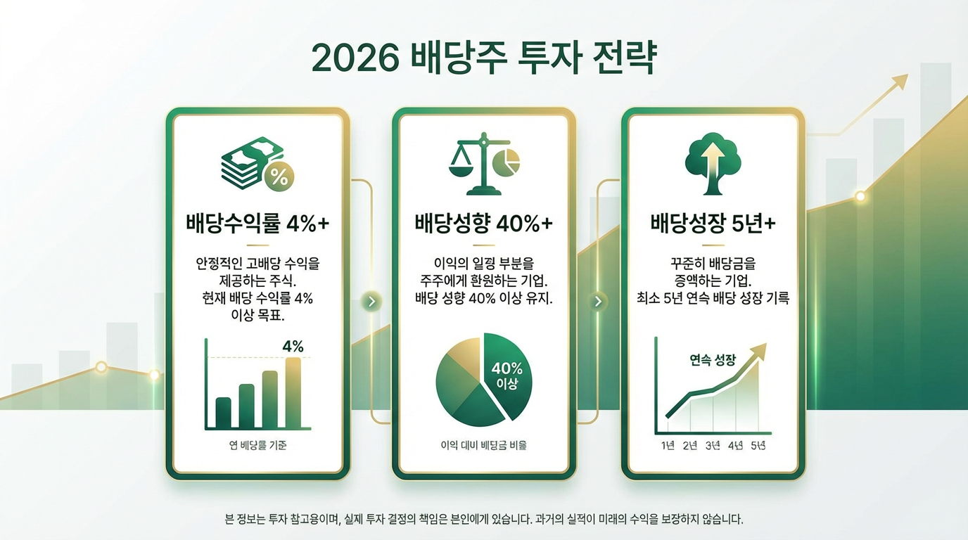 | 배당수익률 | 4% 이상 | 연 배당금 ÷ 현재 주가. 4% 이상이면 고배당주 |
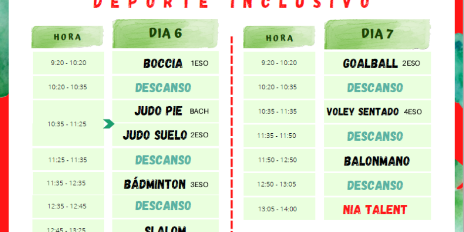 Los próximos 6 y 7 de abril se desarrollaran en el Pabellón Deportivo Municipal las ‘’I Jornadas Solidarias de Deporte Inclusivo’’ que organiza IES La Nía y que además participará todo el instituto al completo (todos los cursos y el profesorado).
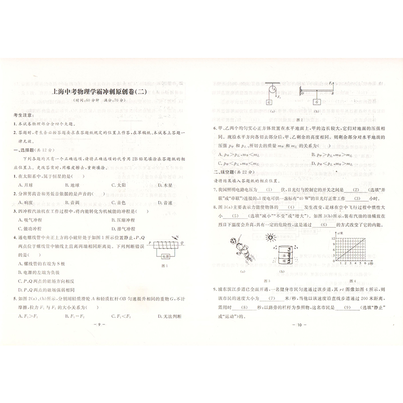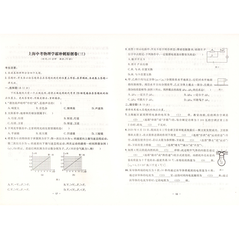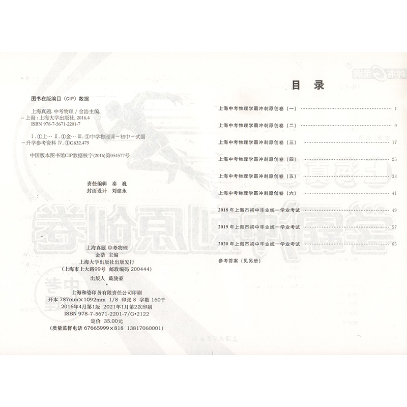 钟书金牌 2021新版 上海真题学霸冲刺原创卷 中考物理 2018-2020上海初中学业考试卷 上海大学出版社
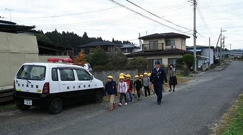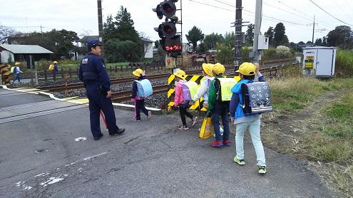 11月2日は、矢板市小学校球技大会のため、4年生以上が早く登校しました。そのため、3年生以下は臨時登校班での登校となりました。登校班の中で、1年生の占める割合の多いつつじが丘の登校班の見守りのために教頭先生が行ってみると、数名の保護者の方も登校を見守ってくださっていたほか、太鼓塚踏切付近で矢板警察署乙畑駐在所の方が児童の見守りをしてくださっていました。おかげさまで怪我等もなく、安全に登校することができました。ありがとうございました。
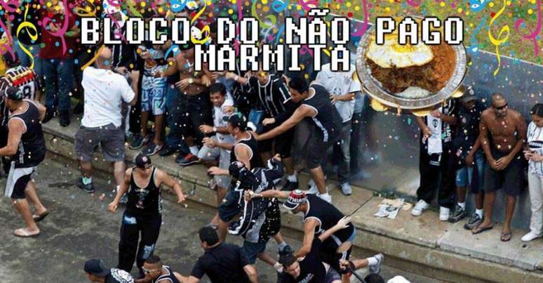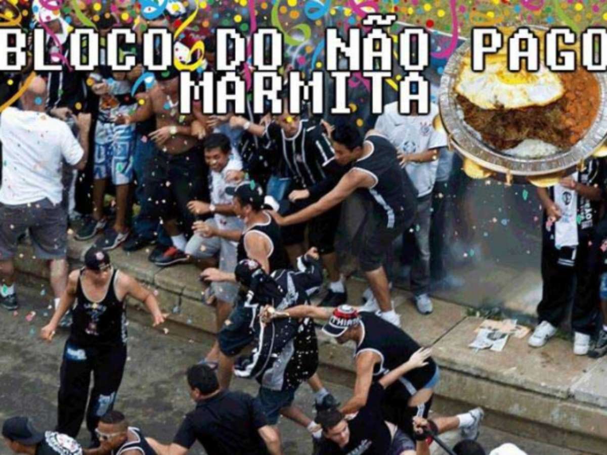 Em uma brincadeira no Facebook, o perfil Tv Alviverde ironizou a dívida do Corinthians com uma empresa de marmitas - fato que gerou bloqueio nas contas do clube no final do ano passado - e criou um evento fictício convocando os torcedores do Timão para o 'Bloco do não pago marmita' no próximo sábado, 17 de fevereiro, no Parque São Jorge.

================================

• **Exercise directions**
All lines from the start of the entries through the one with "11月2日は、矢板市小学校球" are to be output exactly; omit the pictures.

• **Output of the exercise**
 | 배당수익률 | 4% 이상 | 연 배당금 ÷ 현재 주가. 4% 이상이면 고배당주 |
 Los próximos 6 y 7 de abril se desarrollaran en el Pabellón Deportivo Municipal las ‘’I Jornadas Solidarias de Deporte Inclusivo’’ que organiza IES La Nía y que además participará todo el instituto al completo (todos los cursos y el profesorado).
 钟书金牌 2021新版 上海真题学霸冲刺原创卷 中考物理 2018-2020上海初中学业考试卷 上海大学出版社
 11月2日は、矢板市小学校球技大会のため、4年生以上が早く登校しました。そのため、3年生以下は臨時登校班での登校となりました。登校班の中で、1年生の占める割合の多いつつじが丘の登校班の見守りのために教頭先生が行ってみると、数名の保護者の方も登校を見守ってくださっていたほか、太鼓塚踏切付近で矢板警察署乙畑駐在所の方が児童の見守りをしてくださっていました。おかげさまで怪我等もなく、安全に登校することができました。ありがとうございました。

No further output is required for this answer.